Advise patient to discontinue maraviroc and notify health care professional of itchy rash, yellow colored skin or eyes, dark urine, vomiting, or abdominal pain occur.
May cause dizziness. Caution patient to avoid driving and other activities requiring alertness until response to medication is known.
Advise patient to make position changes slowly to minimize postural hypotension.

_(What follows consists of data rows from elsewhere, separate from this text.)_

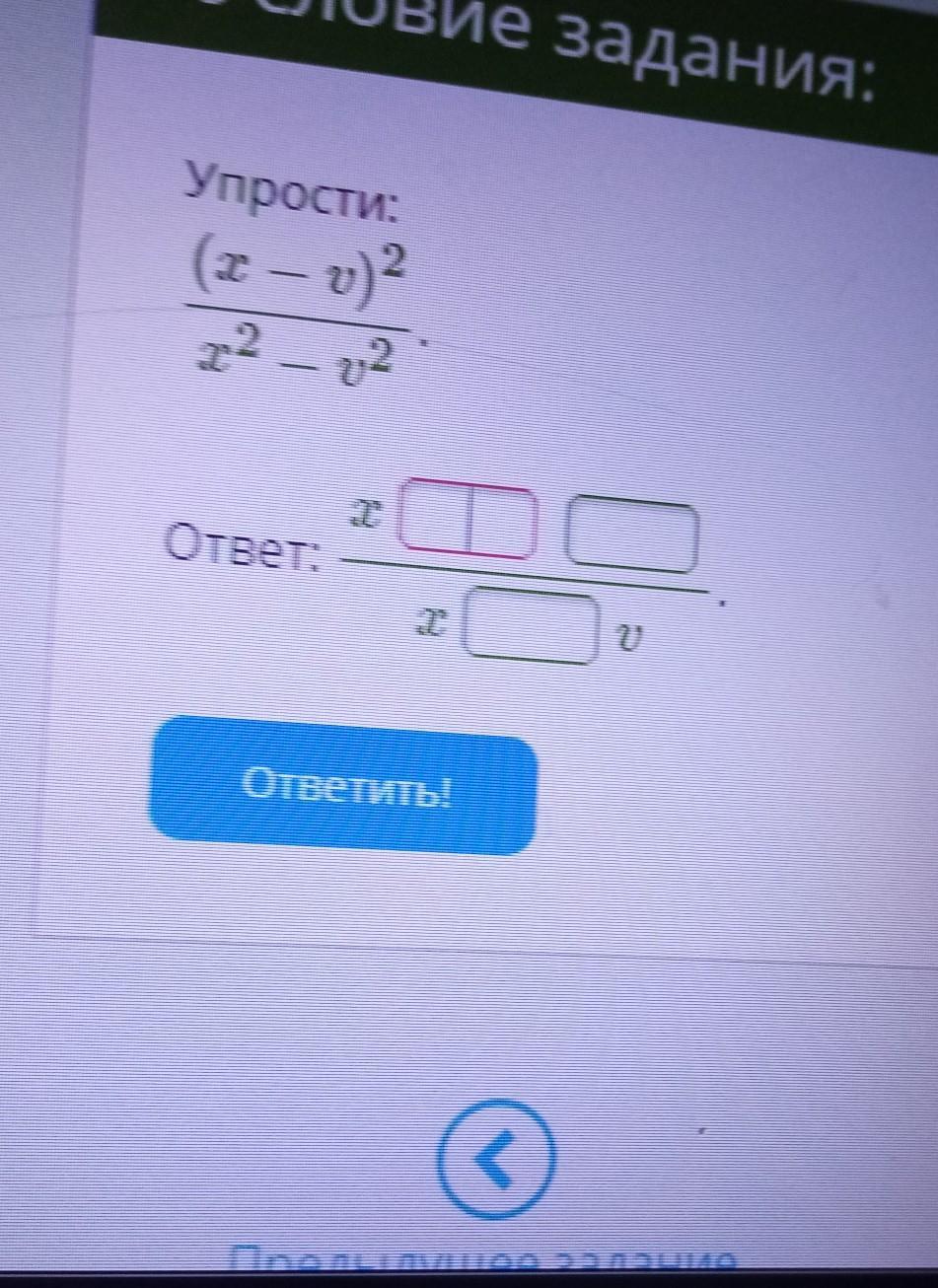 (x-u)^2/(x^2)-(u^2)=(x-u)*(x-u)/(x-u)*(x+u)=x-u/x+u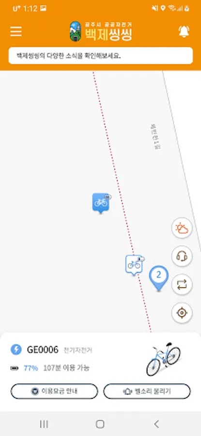 Smart Baekje Tabayu!! Gongju City "Baekje Singsing" is an unmanned bicycle rental system that anyone can easily use as a shared bicycle based on a rental office.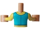 Torso Mini Doll Boy Dark Turquoise Open Jacket with Yellow Side Pockets, Trim and Letter L Badge over White Shirt Pattern, Medium Nougat Arms with Hands with Yellow Long Sleeves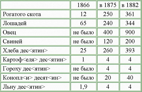 * * *Прискорбные эти страницы о переселенцах позволю себе закончить указанием на развитие благосостояния одной переселенческой партии, очевидно счастливо избежавшей всякого соприкосновения с канцелярской волокитой и справившейся с своими нуждами без всякого содействия «бумаги». Партия эта в 1866 году поселилась в Бийском округе, Верх-Чумышской волости, и образовала д. Ивановку. При начале поселения средства к жизни этих пришельцев были самые нищенские[21]: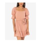 KINGSTON GREY $39 MSRP Womens Fit + Flare Short Dress Pink Pleated Short Sleeve Collared Juniors S |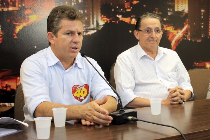| Mauro Mendes e Chico Galindo, prefeitos eleito e atual, respectivamente. |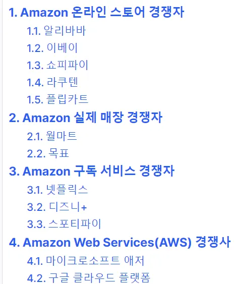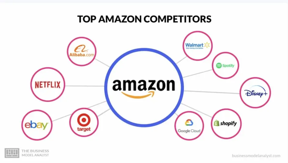 아마존의 경쟁사는? 월마트는 아마존이외, 유통소매업을 주요 경쟁사로 삼고 있지만, 아마존의 경쟁상대는 월마트보다 더 복잡하고 경계가 더 넓다 예를들어 넷플릭스, 구글클라우드, 스포티파이, SHOPIFY 등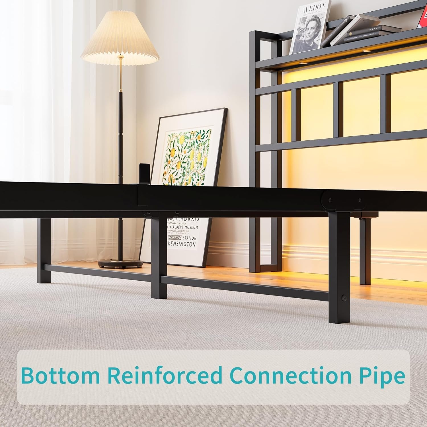 【Multi-functional Led Bed Frame:】The queen bed frame led lights bed frame supports the headboard RGB LED lights, from gentle shimmer to party color, steady soft light to constant flashing color light. Multiple bed frame lighting modes create a wonderful ambiance to your liking and make the night colorful! 【Headboard Storage Shelves with Charging Station:】The black queen bed frame features convenient headboard shelves and charging station,which is easily charge your tablet, phone, or other gadgets and offering easy access to essentials and extra space to showcase your favorite decor, such as phones, glasses, and books within easy reach. 【Sturdy Metal Slat Platform:】The queen bed frame with headboard is made of high-quality metal and multiple support legs for stability and durability; offer great mattress support. No box spring needed. 【Under-Bed Storage: 】Under thoughtfully designed of our metal bed frame,there is a 10.6-inch under-bed storage maximizes space, providing you maximize bedroom space and keep your room neat and tidy for belongings and effortlessly contributing to a neat and organized bedroom. 【Easy to assemble】The queen bed with storage comes flat-packed in one box for easy home assembly.All parts with clearly label,easy to assemble with very clear instructions for installation.Follow the included manual for free standing towel rack for quick installation. 【Worry free warranty】 Our bed frame come with worry-free after-sales service with free replacement parts. If you have any questions, please feel free to contact us,we will reply to you within 24 hours.
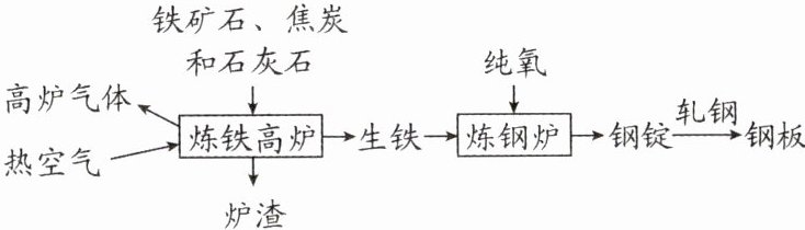 3. 工业炼铁和轧制钢材的主要流程如图: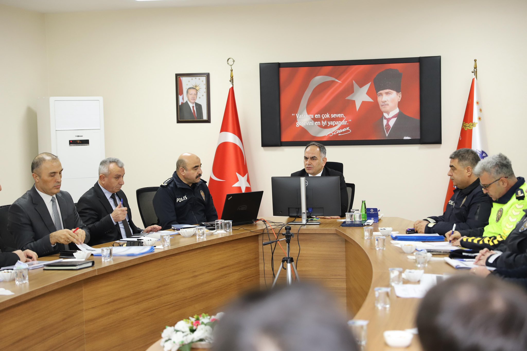 Toplantıda, özellikle vatandaşların huzur ve güvenliğini doğrudan ilgilendiren uygulamalar, suçla mücadele faaliyetleri ve önleyici güvenlik hizmetleri ele alınırken, kurumlar arası koordinasyonun önemi vurgulandı. Emniyet birimlerinin sahada yürüttüğü çalışmalar, planlanan uygulamalar ve güvenlik stratejileri hakkında da detaylı sunum yapıldı.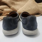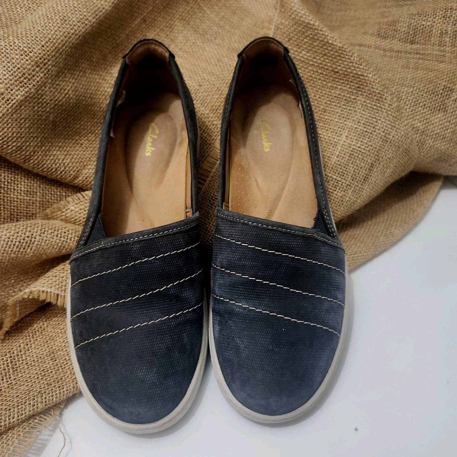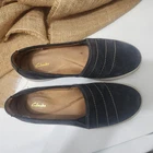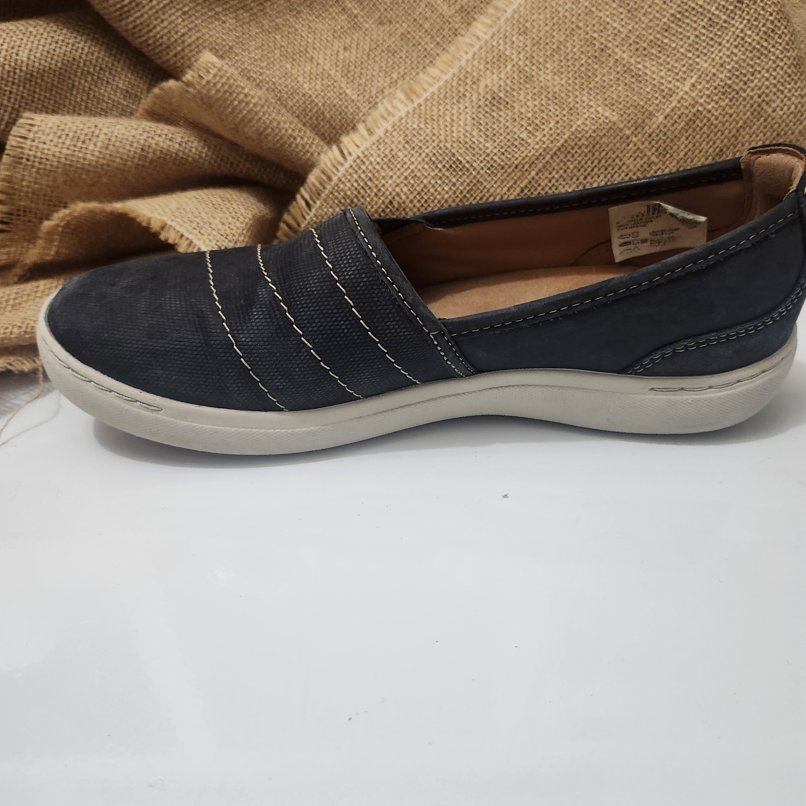 The Clarks Nalle Violet Women's Casual Sneaker in Navy Nubuck is a stylish and comfortable slip-on shoe perfect for casual occasions. With a round toe shape, flat heel, and cushioned insole, these sneakers offer both comfort and support for all-day wear. The nubuck upper and leather lining add a touch of quality, while the rubber outsole provides durability. Whether you're running errands, traveling, or simply relaxing, these Clarks sneakers in size 8 medium are a versatile and classic choice for any season.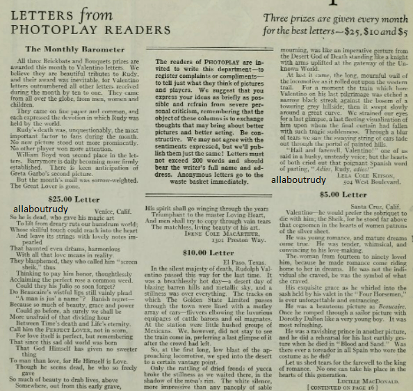 Rudolph Valentino has been dead for nine months and yet to hundreds of moving picture fans, he is still alive. United Artists through which Valentino distributed his films receives on average 15 letters a week addressed to Valentino, expressing admiration for his work, asking what his next movie will be and invariably asking for a photograph. Letters arrive from all over the world. One such letter came in from Chicago and a young girl wrote “I saw you in all of your pictures. I would like to know what pictures you are going to be in. Please give me one of your pictures”. Another Dear Mr. Valentino from Detroit “I am writing you a few lines to let you know that I am watching your work on the movie screen. I saw you in many pictures and I like them all very much. Please send me one of your photographs”. From Niles, Ohio “Rudolph, Will you please send me a picture?”. A girl from Treadelphia, West Virginia writes “I saw your pictures in the show and I thought it was very beautiful and would you please send me your picture”. “I like the way you play and would you send me one of your pictures” wrote another from Brooklyn New York. All mail is acknowledged, and the writers are informed Valentino is no longer living.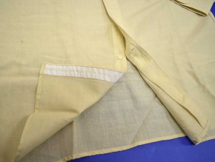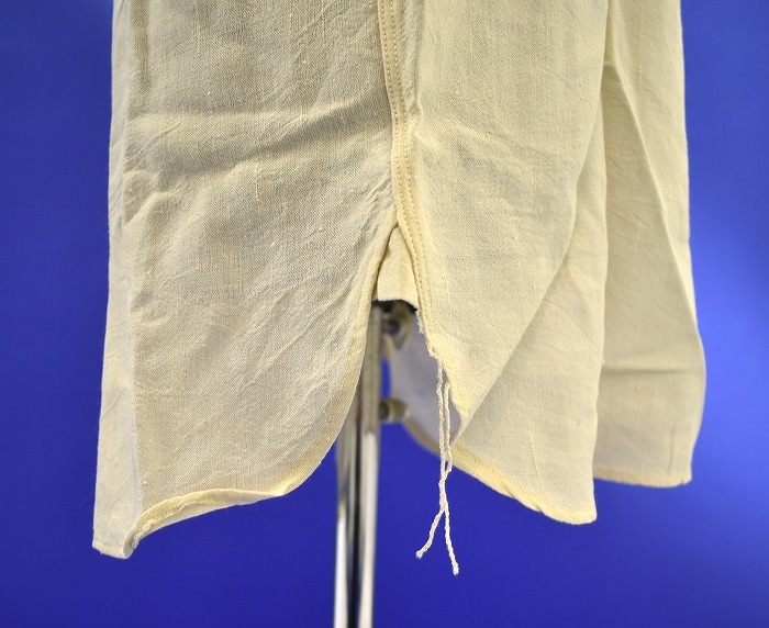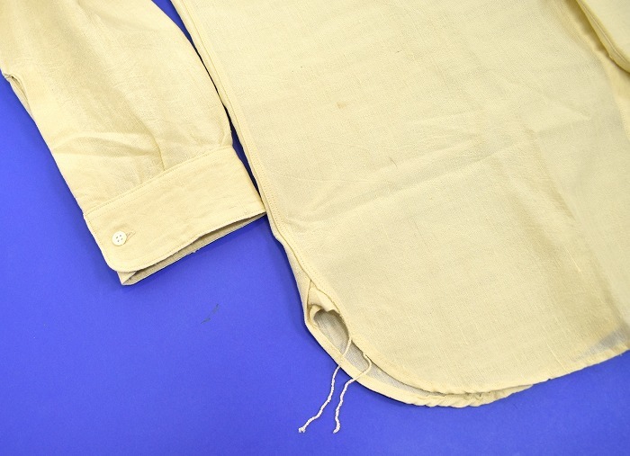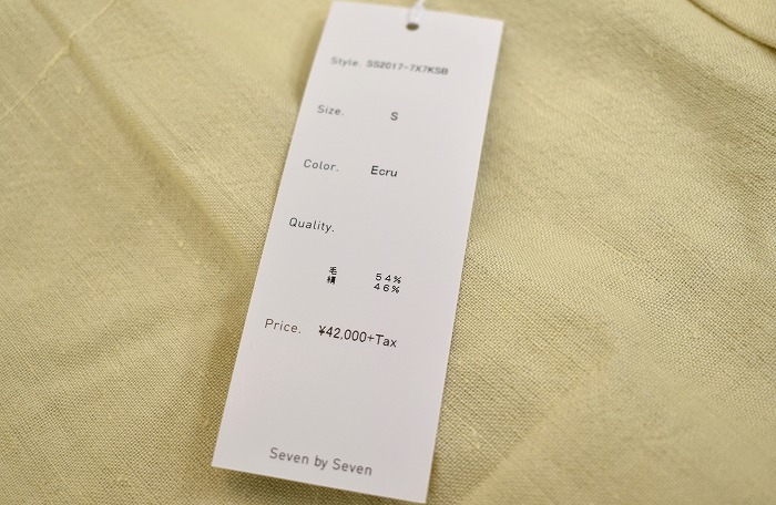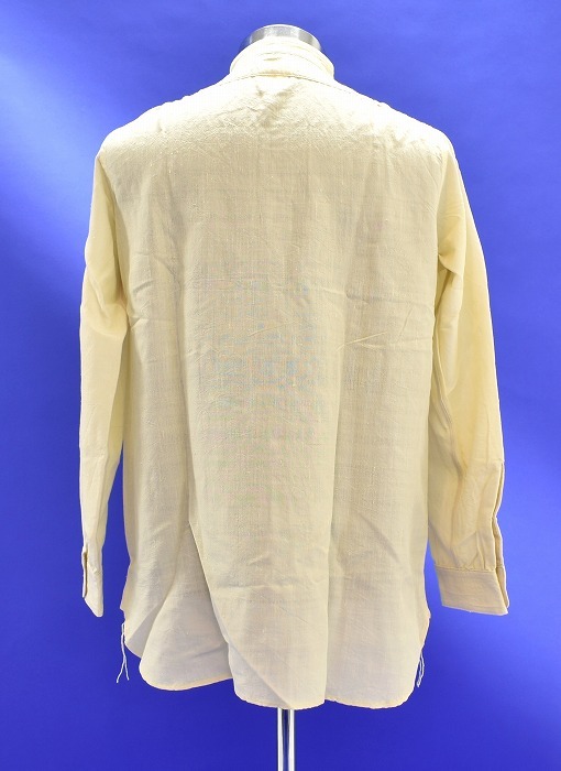 ・素材:ウール54%シルク46% ・カラー:ECRU(エクリュ/生成り) ・サイズ:S 実寸 肩幅 約41cm・身幅 約54.5cm・着丈後ろ 約78cm・袖丈 約60.5cm(多少の誤差はお許しください) 7×7とは、サンフランシスコの縮図(面積:49平方マイル)でローカルな人たちが使う愛称。 サンフランシスコを拠点にヴィンテージのバイイングをはじめ、 地元のアーティスト達と独自の交流を深めてきたディレクターの川上淳也氏が、自身が様々な影響を受けた地をテーマに、 自由な空気から生まれるファッションを提案しています。 「カディ」と呼ばれる手織りの特殊な生地を、古いワークシャツのディテールを備えたオリジナルのドレススタイルへと落とし込んだ。 「Khadi(カディ)」とはインド製の手紡ぎ手織り生地の総称で、糸を紡ぐ作業から始まって様々な専門職人に渡り、全ての工程が手作業で行われて初めて完成される非常に手間のかかる生地。 手作業であるからこその独特な織りムラや風合い、不均一なネップ感による秀逸な表情は他には無い魅力に溢れているとともに、そのムラや透け感が優れた通気性を宿し、心地良いドライタッチな質感とともに速乾性もあって、機能面でも非常に優れている。 こちらで採用した素材はシルクとウールを絶妙な混率で構成した手織り生地で、「Khadi(カディ)」が本来持つ魅力に加えて、シルクの高級な表情と肌触り、ウールの重厚感と吸湿性が加わった、より一層特別な風合いとなっています。 衿羽を取り払い台衿のみを残したバンドカラー、そして少し湾曲したショートポイントのカラー。 5角形のパッチポケット、一つボタンの「イッテコイ」始末のカフス。 サイドを巻き縫いで仕立てた身頃の裾はマチ付きで尚且つ 絡めた糸を外に流す「空環止め」で仕上げているなど、装飾としてではなく機能性を重視した古いワークシャツの堅牢な仕様で構成することで、特殊なKhadi(カディ)の秀逸な表情も優れた機能も存分に活かされた。 裾側のフロントボタンのみ比翼にするといった、実にさりげないながらも他とは一線を画す特殊な仕掛けも。 ステッチの間隔が狭い非常に丁寧で細かい縫製で、ドレスシャツのパターンメイキングを駆使して洗練されたシルエットに、ボタンにしてもシェルボタンを使用するなどして高級な雰囲気を宿しながら現代でリアルに機能する一着へと仕上がっています。 オールハンドメイドだからこその風合いを宿す素材。 今では失われつつある古き良き時代の堅牢な縫製と仕立て。 現代の大量生産の中では決して宿らない魅力を宿して尚且つ、7×7(セブンバイセブン)独自の解釈が加えられて、今にも昔にも無い特殊な存在感を漂わせる、唯一無二の大人のドレススタイルに。 新品 日本製 ¥46200(税込) ※毛玉感や甘撚りでの糸ムラ、浮き等がありますが、手作業による もともとの風合いです。 かなりお値打ちだと思います。この機会にぜひ!。 他にもいろいろ出品しています。 管理番号:282110MY-087816 ★ PD162405-1000 |

Instruct patient to consult health care professional before taking any Rx, OTC, or herbal products, especially St. John's Wort; may decrease effectiveness of maraviroc.
Advise patient to notify health care professional if pregnancy is planned or suspected or if breastfeeding.
Emphasize the importance of regular follow-up exams and blood counts to determine progress and monitor for side effects.
Evaluation/Desired Outcomes
Delayed progression of AIDS and decreased opportunistic infections in patients with HIV.
Decrease in viral load and increase in CD4 cell counts.